═════ DATA SHOWN

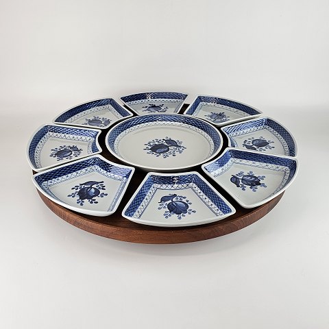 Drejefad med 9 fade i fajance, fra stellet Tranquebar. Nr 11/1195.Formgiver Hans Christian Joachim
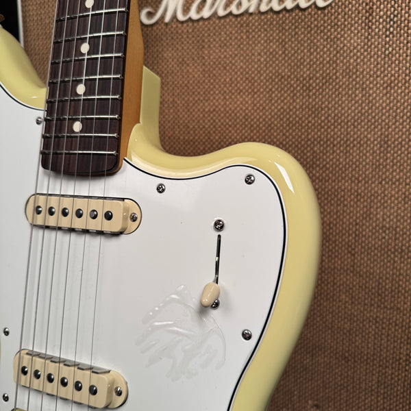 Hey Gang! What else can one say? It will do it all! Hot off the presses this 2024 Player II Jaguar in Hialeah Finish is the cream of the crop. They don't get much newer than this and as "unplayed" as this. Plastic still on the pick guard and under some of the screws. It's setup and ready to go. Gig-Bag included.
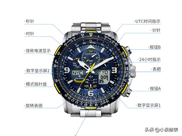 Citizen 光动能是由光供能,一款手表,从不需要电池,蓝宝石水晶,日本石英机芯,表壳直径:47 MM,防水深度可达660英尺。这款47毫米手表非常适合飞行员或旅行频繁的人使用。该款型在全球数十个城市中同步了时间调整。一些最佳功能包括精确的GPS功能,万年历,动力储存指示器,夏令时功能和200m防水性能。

══════════

→ PROBLEM TO SOLVE
Reproduce all lines above exactly. Leave the images out.

→ REPLY TO THE EXERCISE
 Drejefad med 9 fade i fajance, fra stellet Tranquebar. Nr 11/1195.Formgiver Hans Christian Joachim
 Hey Gang! What else can one say? It will do it all! Hot off the presses this 2024 Player II Jaguar in Hialeah Finish is the cream of the crop. They don't get much newer than this and as "unplayed" as this. Plastic still on the pick guard and under some of the screws. It's setup and ready to go. Gig-Bag included.
 Citizen 光动能是由光供能,一款手表,从不需要电池,蓝宝石水晶,日本石英机芯,表壳直径:47 MM,防水深度可达660英尺。这款47毫米手表非常适合飞行员或旅行频繁的人使用。该款型在全球数十个城市中同步了时间调整。一些最佳功能包括精确的GPS功能,万年历,动力储存指示器,夏令时功能和200m防水性能。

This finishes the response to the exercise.